Meta-Controller
The meta-controller manages multiple concurrent swarms simultaneously. It monitors resource allocation across swarms, rebalances overloaded agents, detects overflow conditions where a swarm is consuming disproportionate resources, and dynamically delegates tasks between swarms to maintain throughput and fairness.
How it works
The meta-controller operates as a supervisory process that sits above individual swarms. It has three core subsystems:
- Swarm registry — maintains a live index of all active swarms, their root agents, current agent counts, and resource consumption metrics. Every swarm registers itself on creation and deregisters on teardown.

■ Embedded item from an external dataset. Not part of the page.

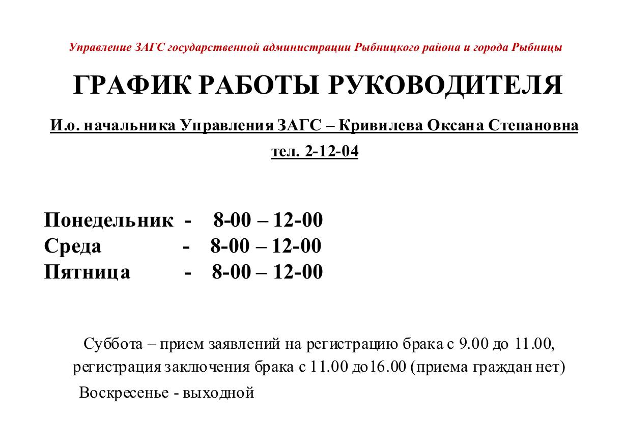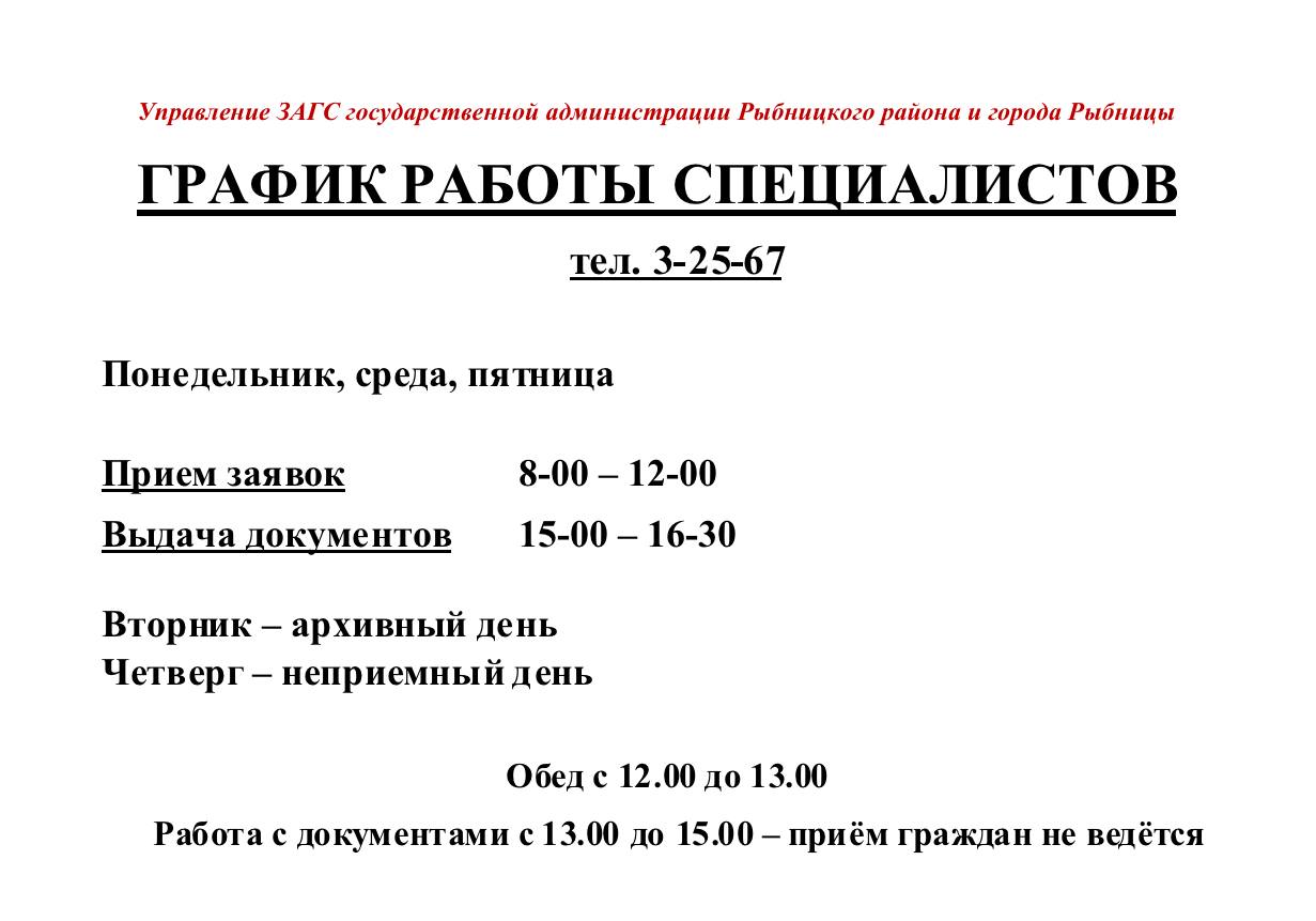 Рыбницкий ЗАГС изменил график работы

- Resource monitor — polls the registry at a configurable interval and computes per-swarm token spend rate, agent count, and queue depth. If any swarm exceeds the
rebalanceThresholdon any metric, a rebalance is triggered. - Rebalancing — when a swarm is overloaded, the meta-controller can pause lower-priority agents within that swarm, migrate queued subtasks to an underutilized swarm, or reject new spawn requests until resource usage falls below the threshold.
Configuration
metaController:
enabled: true
maxConcurrentSwarms: 10 # Hard cap on simultaneously active swarms
rebalanceThreshold: 0.80 # Fraction of capacity that triggers rebalancing
overflowStrategy: queue # queue | reject | migrate
pollIntervalMs: 5000 # How often the resource monitor samples swarms
priorityField: metadata.priority # Agent field used for priority ordering during rebalanceThe overflowStrategy controls what happens when a swarm exceeds capacity:
| Strategy | Behavior |
|---|---|
queue | New spawn requests are held in a FIFO queue until capacity is available. Default. |
reject | New spawn requests beyond capacity are rejected with a 503 error. |
migrate | Queued subtasks are delegated to another swarm with available capacity. Requires compatible root agents across swarms. |
Swarm lifecycle
The meta-controller tracks swarms through four lifecycle stages:
- Create — A swarm is registered when its root agent receives its first task. The meta-controller assigns it an execution ID and begins monitoring. If
maxConcurrentSwarmsis already reached, the request is handled peroverflowStrategy. - Monitor — The resource monitor periodically samples each active swarm. Metrics are written to a rolling buffer used to compute the health scorecard for each swarm's constituent agents.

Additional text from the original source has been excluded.